Reaksi adaptasi melalui peran endorfin. Reaksi adaptasi tubuh ini terhadap nyeri dapat
berlansung beberapa jam / beberapa hari. Jika nyeri berlangsung dengan lama akan
menurunkan sekresi norepinefrin kemudian individu merasa tidak berdaya dan tidak
berharga serta lesu (Heriana, 2014, pp. 42-43).
Cara relaksasi posisi ibu tetap berbaring, tidak ada gerakan fisik, mata terpejam dengan
mengedurkan seluruh tubuh lemaskan sambil menarik nafas dalam dari hidung dan
keluarkan pelan-pelan dari mulut seperti meniup balon dan lakukan selama 5- 10 menit.

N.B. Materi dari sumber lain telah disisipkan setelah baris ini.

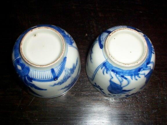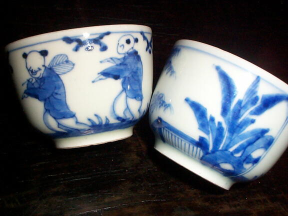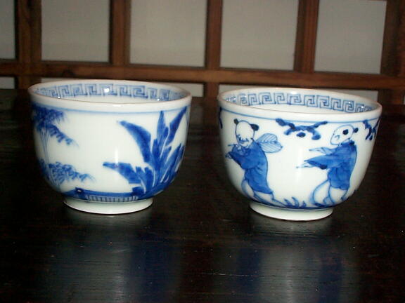 幕末〜明治頃、産地はおそらく瀬戸だとおもいます。 軽やかに踊る唐子の表情が柔らかで、和やかな雰囲気です。 ぐい呑みに丁度良い大きさですが、中国茶を飲んでもいいとおもいます。 1客の口縁にわずかに釉薬がかかっていない所がありますが、2客ともに問題にするような瑕はありません。 2客揃いで御願いいたします。

Bisa juga menggunakan distraksi dengan cara pengalihan dari fokus perhatian nyeri ke
tempat yang menyenangkan (Hartati & Maryunani, 2015, p. 42). Kemudian terdapat terapi
holistik yang berfungsi sebagai mengatasi nyeri seperti menggunakan sentuhan terapeutik,
akupresur dan relaksasi. Teknik relaksasi terhadap klien dapat memberikan kontrol diri
ketika terjadi rasa nyeri yang sangat hebat. Relaksasi ini dapat dipergunakan pada saat
seseorang sehat ataupun sakit (Nurhayati, dkk, 2015, p. 58).
1. Identitas
Terjadi pada usia ibu kurang 18 tahun tahun atau lebih dari 35 tahun (Maryunani, 2016, p.
172).
Tekanan darah 160/110 mmHg atau lebih, adanya gangguan serebral, gangguan
penglihatan, nyeri kepala, dan nyeri pada epigastrium, mual dan muntah, terdapat edema
pada ekstremitas, proteinuria lebih dari 3 gr (Nurarif & Kusuma, 2016, p. 186)
1. Keluhan utama
Nyeri pada luka bekas operasi Sectio Caesarea di daerah perut (Solehati & Kokasih, 2015,
p. 94).
3. Riwayat obstetrik
1. Riwayat menstruasi
Menarche, siklus, teratur tidak, lama, warna, bau, banyak, flour albus, dismenorhe, HPHT
(hari pertama haid terakhir) untuk menghitung usia kehamilan ibu, TP (taksiran
persalinan) (Pudiastuti, 2012, p. 178).
1. Genogram
Keluarga yang mempunyai penyakit keturunan seperti hipertensi, maka akan mengalami
resiko tinggi terjadinya preeklamsia (Pudiastuti, 2012, p. 178).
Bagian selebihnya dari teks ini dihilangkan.